[FFmpeg-trac] #10510(undetermined:new): FFMPEG decode 608 caption to webvtt with big cues. How to generate with smaller cues (i.e. gop size)?

Tue Aug 8 11:10:52 EEST 2023

#10510: FFMPEG decode 608 caption to webvtt with big cues. How to generate with
smaller cues (i.e. gop size)?
-------------------------------------+-------------------------------------
             Reporter:  Qi Cao       |                    Owner:  (none)
                 Type:  enhancement  |                   Status:  new
             Priority:  normal       |                Component:
                                     |  undetermined
              Version:  unspecified  |               Resolution:
             Keywords:  caption      |               Blocked By:
             Blocking:               |  Reproduced by developer:  0
Analyzed by developer:  0            |
-------------------------------------+-------------------------------------
Description changed by Qi Cao:

Old description:

> Summary of the bug: We are using FFMPEG to decode 608 caption to webvtt.
> webvtt files contains cues with large timespan, such as playing music for
> two minutes.
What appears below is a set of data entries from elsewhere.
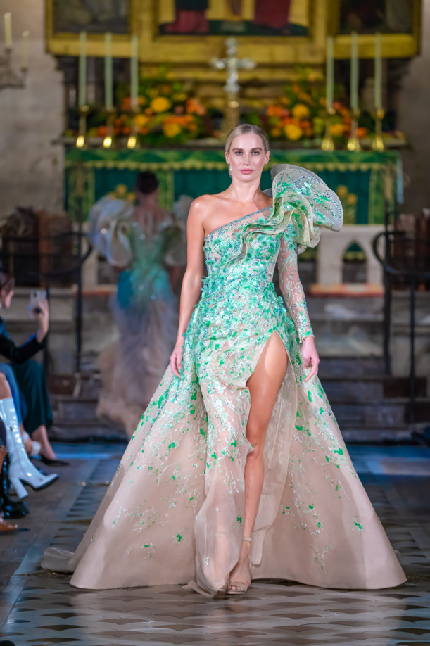 Michael Cinco presented his new collection during Paris Fashion Week at the American Cathedral in Paris, one of the most beautiful Gothic Cathedrals with colorfull stained-glass windows transformed in a perfect fashion venue for a such beautifull fashion show
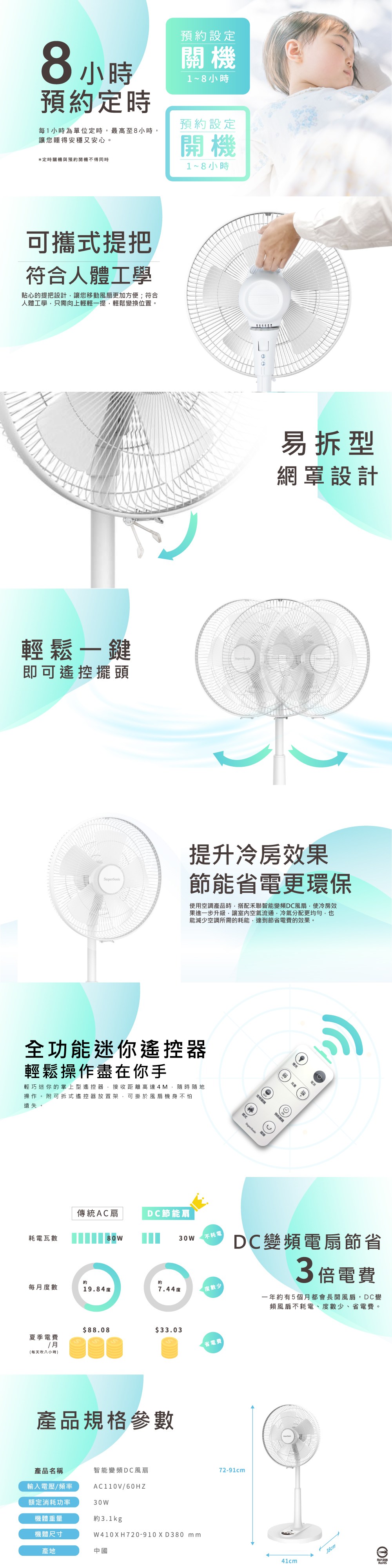奇美 CHIMEI 16吋DC馬達遙控擺頭立扇 /台 DF-16P801
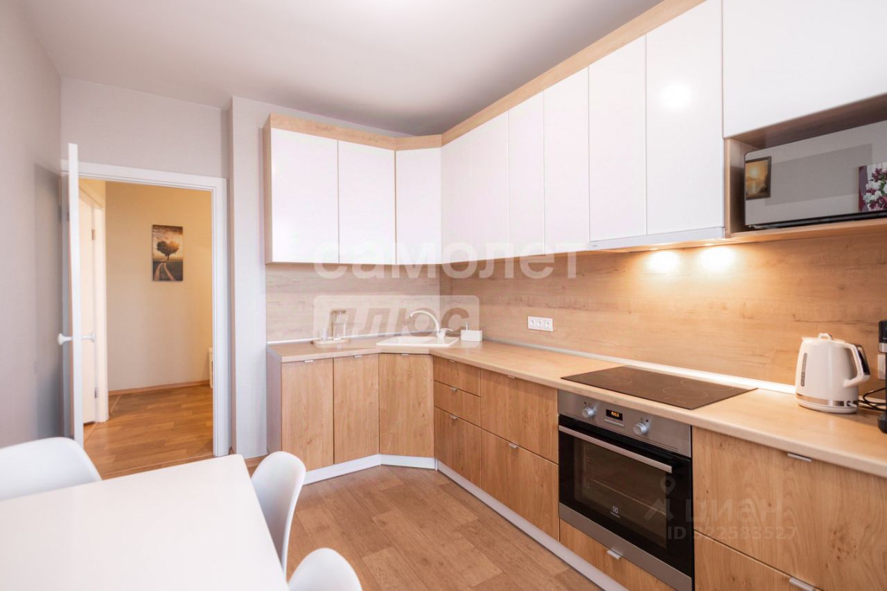 Общая площадь - 59,3м². Планировка, комфортная для проживания: - две комнаты по 20,19м² и 13,04м² - просторная кухня 10,9м² - застекленная просторная лоджия с местами хранения Высота потолков 2,7м На полу постелен качественный линолеум, керамическая плитка в раздельном санузле. Стены ровные, оклеены обоями светлых тонов. Качественные межкомнатные двери из МДФ. Стеклопакеты во всей квартире Кухонная мебель изготовлена в современном стиле с качественной встроенной техникой: духовой шкаф, варочная панель и вытяжка. Мебель в прихожей и комнатах сделана на заказ в едином стиле.
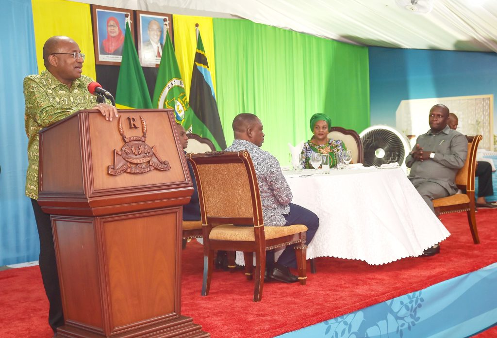 WAZIRI wa Nchi Ofisi ya Rais Ikulu Zanzibar Mhe. Jamali Kassim Ali akiwa na Viongozi wa Jumuiya ya Umoja wa Vijana wa Chama Cha Mapinduzi (UVCCM) wakimsikiliza Makamu Mwenyekiti wa Chama Cha Mapinduzi (CCM) Zanzibar, ambae pia ni Rais wa Zanzibar na Mwenyekiti wa Baraza la Mapinduzi. Mhe.Dk.Hussein Ali Mwinyi (hayupo pichani) akizungumza na Viongozi wa Jumuiya ya Umoja wa Vijana wa Chama Cha Mapinduzi (UVCCM) katika viwanja vya Ikulu Jijini Zanzibar jana usiku 9-1-2024, katika dhifa maalum ya chakula cha usiku kilichofanyika katika viwanja vya Ikulu Jijini Zanzibar.(Picha na Ikulu)
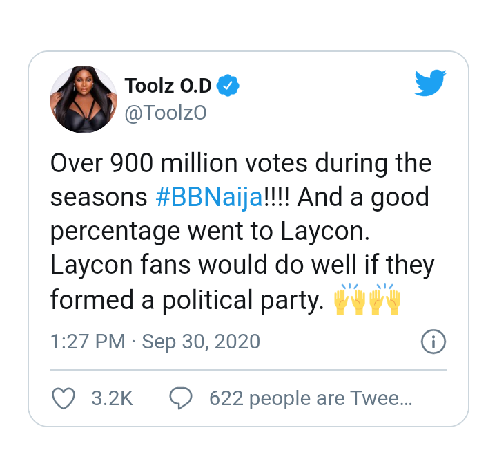 Taking to twitter to make this revelation, Toolz wrote; “Over 900 million votes during the seasons #BBNaija!!!! And a good percentage went to Laycon. Laycon fans would do well if they formed a political party.”

Since we are getting this till the end of caption, it is too
> late to display the caption. We are wondering if we could decode the
> captions to smaller cues, such as gop size. We have been playing the
> segment command switch with no luck. Could you shed light on this?
>
> How to reproduce:
> ffmpeg -data_field first -y -t 10 -f lavfi -i
> "movie='fallbeatcaptiontest.mp4':streams='v+a'[out0+subcc][out1]" -c:v
> rawvideo -f rawvideo -pix_fmt nv12 -c:a pcm_s16le -f s16le -ar 16000 -ac
> 1 -map a -map v -f nut base.nut -map 0:s -c:s webvtt -f webvtt cap-
> base.vtt
>

> Tried:
> ffmpeg -data_field first -y -t 10 -f lavfi -i
> "movie='fallbeatcaptiontest.mp4':streams='v+a'[out0+subcc][out1]" -c:v
> rawvideo -f rawvideo -pix_fmt nv12 -c:a pcm_s16le -f s16le -ar 16000 -ac
> 1 -map a -map v -f nut base.nut -map 0:s -f segment -segment_time 2
> -segment_format webvtt output_cue_%03d.vtt
>
> It generated multiple vtt files, but didn't chunk existing large cue to 2
> seconds as expected.

New description:

 Summary of the bug: We are using FFMPEG to decode 608 caption to webvtt.
 webvtt files contains cues with large timespan, such as playing music for
 two minutes. Since we are getting this till the end of caption, it is too
 late to display the caption. We are wondering if we could decode the
 captions to smaller cues, such as gop size. We have been playing the
 segment command switch with no luck. Could you shed light on this?

 How to reproduce:
 ffmpeg -data_field first -y -t 10 -f lavfi -i
 "movie='fallbeatcaptiontest.mp4':streams='v+a'[out0+subcc][out1]" -c:v
 rawvideo -f rawvideo -pix_fmt nv12 -c:a pcm_s16le -f s16le -ar 16000 -ac 1
 -map a -map v -f nut base.nut -map 0:s -c:s webvtt -f webvtt cap-base.vtt

 Tried:
 ffmpeg -data_field first -y -t 10 -f lavfi -i
 "movie='fallbeatcaptiontest.mp4':streams='v+a'[out0+subcc][out1]" -c:v
 rawvideo -f rawvideo -pix_fmt nv12 -c:a pcm_s16le -f s16le -ar 16000 -ac 1
 -map a -map v -f nut base.nut -map 0:s -f segment -segment_time 2
 -segment_format webvtt output_cue_%03d.vtt

 It generated multiple vtt files, but didn't chunk existing large cue to 2
 seconds as expected.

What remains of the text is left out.